M. No no, tu sei uno che torna! Al massimo perdi l’aereo perché troppo occupato a scrivere o a
fotografare!
Ma non hai risposto: partirò ? Forse non c’è altro da fare che galleggiare… wait and see: se
scrivo qualcosa… se riesco a mandarlo da là … se te lo mando al ritorno…. se parto….se torno…
Mi farò viva per dirti della partenza e intanto placo l’ansia ripassando mentalmente versi
immortali:
Fontana che irrora i giardini,/
pozzo d’acque vive/
e ruscelli sgorganti dal Libano.
Non è un quiz, ma al volo sai dire da dove vengono?

M.B. Certo che lo so: è il Cantico dei Cantici.


Quello di cui Voltaire diceva nel Dizionario Filosofico: dicono che l’amata è la Chiesa e che è
tutta un’allegoria, ma allora che cosa vuol dire “la mia sorellina è ancora piccola e…” … ops,
credo di non potere continuare qui.

M. Voltaire.
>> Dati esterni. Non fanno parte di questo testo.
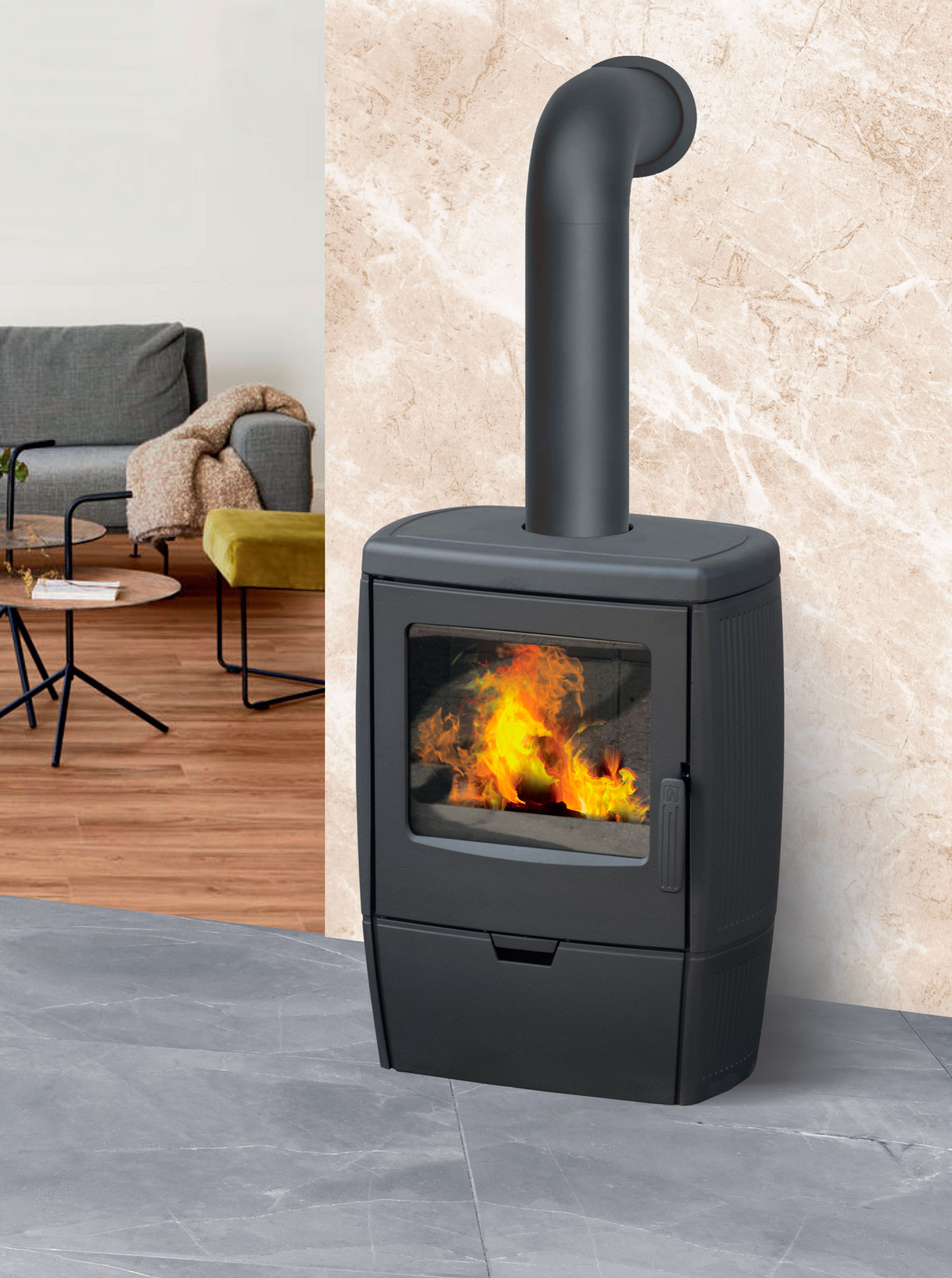Чугунная отопительная печь-камин на дровах в стильном минималистичном дизайне и компактных габаритах для отопления жилых и коммерческих пространств общей площадью до 160 кубических метров. Отопительный прибор полностью изготовлен из фирменного чугуна PLAMEN, отлитого на собственном производстве фабрики в Хорватии. Изделие разработано и произведено согласно строгим стандартам Европейского союза и требованиям Эко-дизайна.

Ecco ancora non l’avevi nominato, in risposta a me almeno. Il Cantico è un


documento meraviglioso, si presta a molte letture ma non a quella che lui giustamente critica.
L’aspetto intrigante è che lo sposo e la sposa non si incontrano mai! Ma sembra che nessuno
noti questo raffinatissimo messaggio.
Tu però non portarmi fuori strada con queste suggestioni, mi hai dato un compito no?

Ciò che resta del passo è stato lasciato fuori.